If you make any changes to the gitlab.rb file, make sure to run
gitlab-ctl reconfigure
afterward to ensure that any updates or changes you’ve made are recognized and applied.

You may find this link helpful as well:
https://docs.gitlab.com/omnibus/settings/nginx.html#manually-configuring-https

Please let me know if this helps!

Best Regards,
Greg M

zvyezdan · December 31, 2018, 4:06am

Thanks for the reply. I tried that and it failed … access to :80 was no more… So I was thinking the kubernetes ingress router would likely need to be reconfig-ed , as well as a service to work off of https. Which is a bit more work than I had hoped for… But ok… would give it a shot.

Then, just to have the thing functional again, I had reverted the external-url, commented it out and reconfigured again.
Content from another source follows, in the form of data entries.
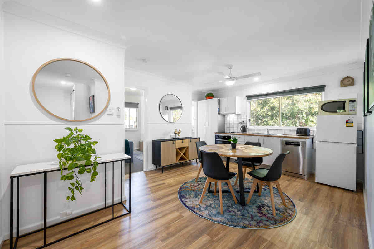Beachside Retreat Granny Flat🏝️☀️ This affordable, detached, cosy, self-contained granny flat is the perfect convenient base for those who love to explore. Just moments from the beach, it offers a private and comfortable retreat with home-style amenities, including a fully equipped kitchenette, lounge w/ TV, bathroom with washing machine & a huge yard. The flat also features a king bed and a separate bedroom with a double bed and space for an extra mattress. Experience the coast like a local.
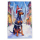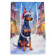Share festive holiday joy with this charming Christmas card featuring a Doberman Pinscher wearing a Santa hat in a glowing snowy village square. Twinkling storefronts, garland-wrapped lampposts, and gentle snowfall create a heartwarming watercolor winter scene perfect for dog lovers. The blank interior provides space for personalized messages, making it ideal for gifting, seasonal correspondence, and breed-themed collections.
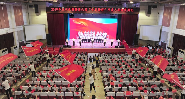 典礼在合唱《光荣啊,中国共青团》团歌中拉开序幕。会上,宣读了《关于表彰 2018 年度校“五四红旗团委”、“优秀共青团员”等先进集体和优秀个人的决定》文件;观看了第六届“青春榜样”年度人物视频;参会领导分别为优秀共青团员代表、优秀共青团干部代表、优秀团支部代表、五四红旗团委、“青春榜样”年度人物等先进集体和个人颁奖。
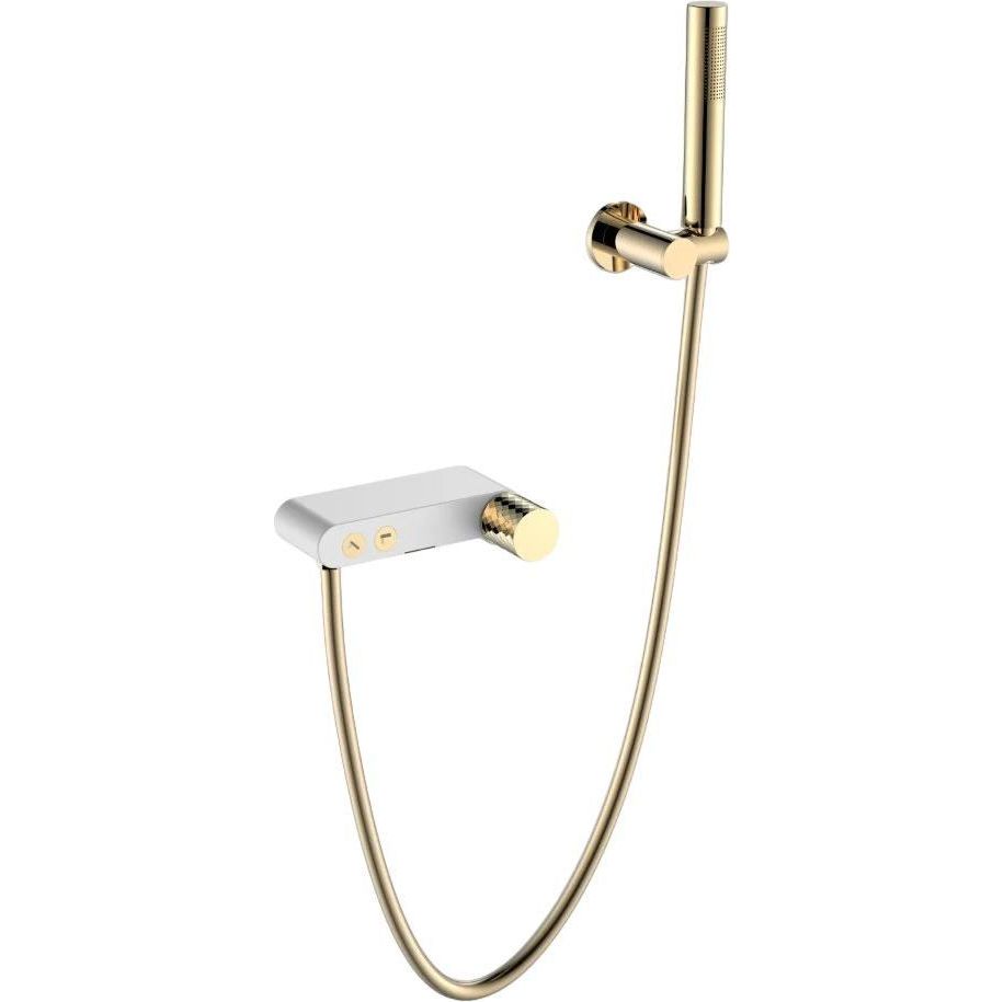 Смеситель для ванны Boheme Stick с душевым гарнитуром, материал латунь, цвет белый/золото глянцевое.

Went on to test that the original redirects back and forth are still functional … just to find out that now https reverse proxying actually worked !!!

Color me confused !

Started GET "/" for 10.130.0.1 at 2018-12-31 03:46:16 +0000
Processing by RootController#index as HTML
Redirected to https://git.domain.net/users/sign_in 
Filter chain halted as :redirect_unlogged_user rendered or redirected
Completed 302 Found in 5ms (ActiveRecord: 0.0ms)
==> /var/log/gitlab/gitlab-rails/production_json.log <==
{"method":"GET","path":"/","format":"html","controller":"RootController","action":"index","status":302,"duration":6.18,"view":0.0,"db":0.0,"location":"https://git.domain.net/users/sign_in","time":"2018-12-31T03:46:16.883Z","params":[],"remote_ip":"10.130.0.1","user_id":null,"username":null }

Now you can see the line

Redirected to https://git.domain.net/users/sign_in

working in https mode.

Double checked the gitlab.rb,

## GitLab URL
##! URL on which GitLab will be reachable.
##! For more details on configuring external_url see:
##! https://docs.gitlab.com/omnibus/settings/configuration.html#configuring-the-external-url-for-gitlab
#external_url 'GENERATED_EXTERNAL_URL'
#external_url 'https://git.domain.net'

then checked the generated gitlab.yml (/var/opt/gitlab…/gitlab.yml)

  ## GitLab settings
  gitlab:
    ## Web server settings (note: host is the FQDN, do not include http://)
    host: gitlab.os.domain.local
    port: 80
    https: false

looks ok.

Then I disabled the git.domain.net:80 reverse proxy (external nginx) and it’s still fine… no more double redirects. I have no idea what has changed.

So in the end, your suggestion DID work, somehow. Awesome! Thx.

myersg86 · January 2, 2019, 6:17pm

@zvyezdan Glad to hear you fixed the redirect problem and everything worked out!